The Silk Road to Profits
Silk has long been in demand in the West as a luxury good, giving its name to the overland trade route that connected East and West for centuries: the Silk Road. In 1914, China was the largest producer and exporter of silks in the world. On an annual basis, China averaged 14 million pounds, compared to the number two spot, Japan, at 11 million pounds, and number three, Italy, at 9 million pounds. Together, these three controlled 81.7% of the global silk trade.
The Opium of the Masses?
The opium trade, the pretext that opened China to foreign trade, was still big money in 1914. A total of 37 million hk. tls. were imported in 1914 from India, up 11.9% from 1908. This is actually down from a peak of 41 million hk. tls. in 1913.
In 1907, China signed the Ten Year Agreement with India, which ultimately phased out the opium trade. By 1917 the trade was all but extinguished.
Back to the Future
The Aspects of Principal Exports of Chinese Goods to Foreign Countries is a far cry from the contemporary trade picture. China’s top export in 2021 was in the category “telephones for cellular networks or other wireless networks,” and was worth $147.1 billion.
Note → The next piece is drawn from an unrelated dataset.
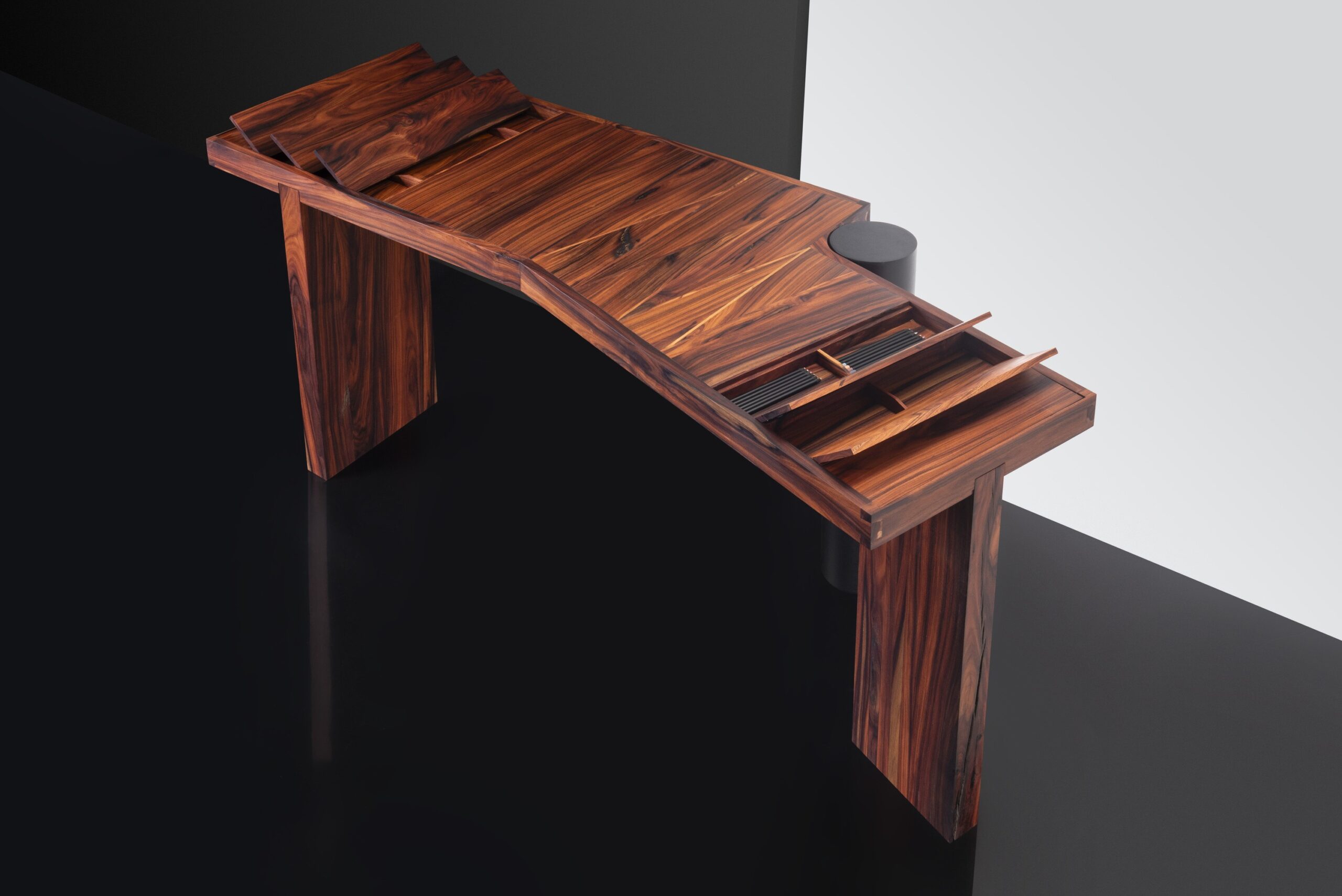 No caso da escrivaninha, especificamente, remete aos mestres que modernizaram o mobiliário brasileiro, assumindo a continuidade dessa história. O desenho irregular do tampo posiciona o móvel no centro do espaço, exigindo um olhar em 360° e transformando sua construção em elemento de contemplação.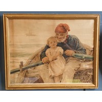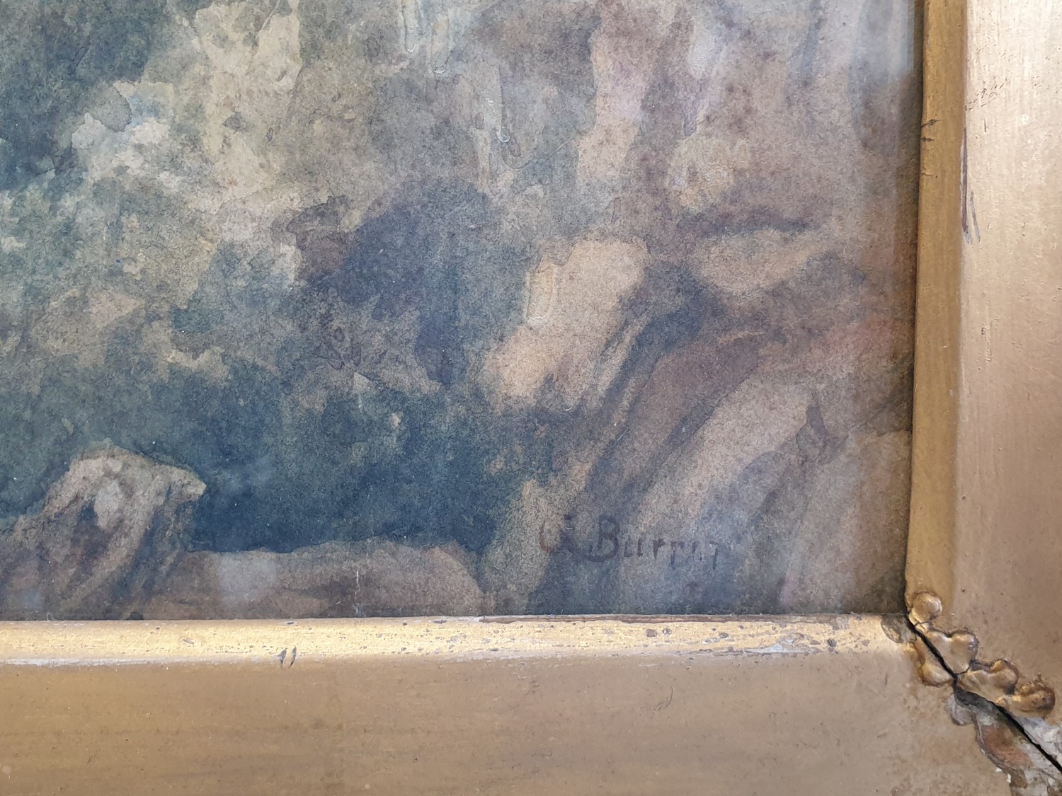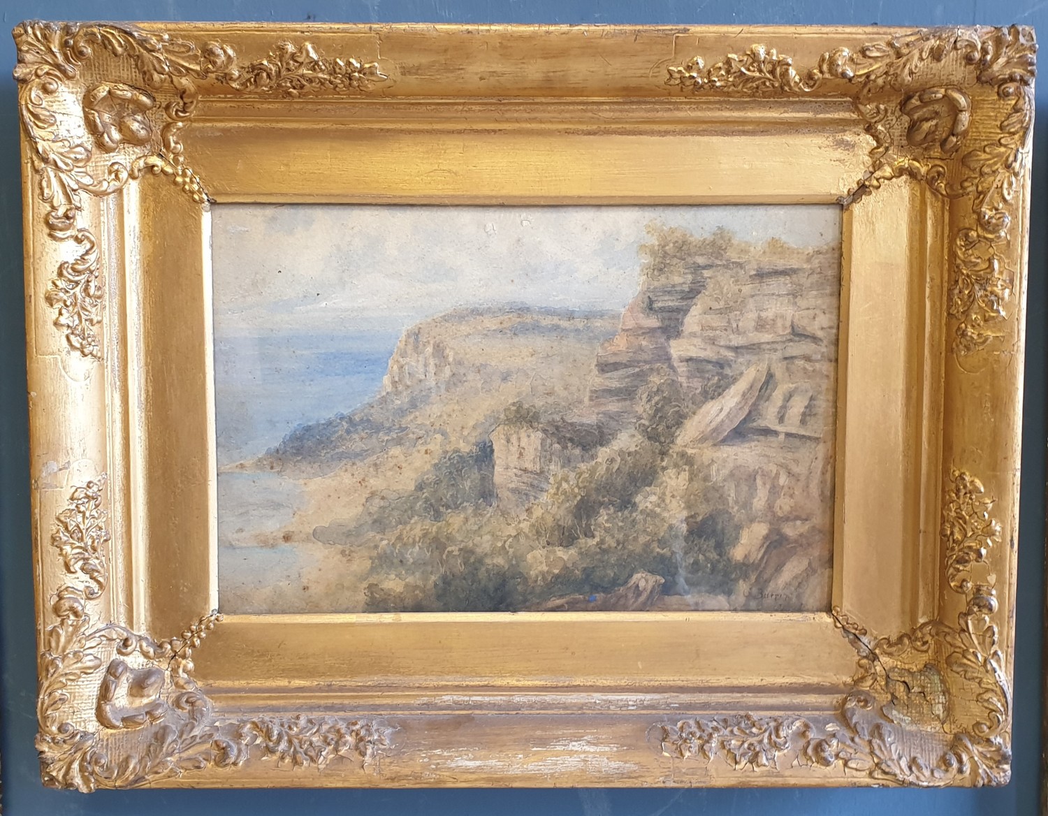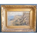 Gilt Framed Watercolour - Coastal Cliff Scene. Signed Bottom Right. H:41 x W:54cm

But it’s worth noting that China today is a direct result of this period. The resentment created during the Century of Humiliation would eventually help lead to Mao Zedong, the Long March, and the establishment of the People’s Republic of China. And in 1979, the Chinese central government would set up the first of their own “treaty ports,” in the form of special economic zones, places where foreign companies could set up shop. But this time, it wasn’t foreign powers who were making the rules.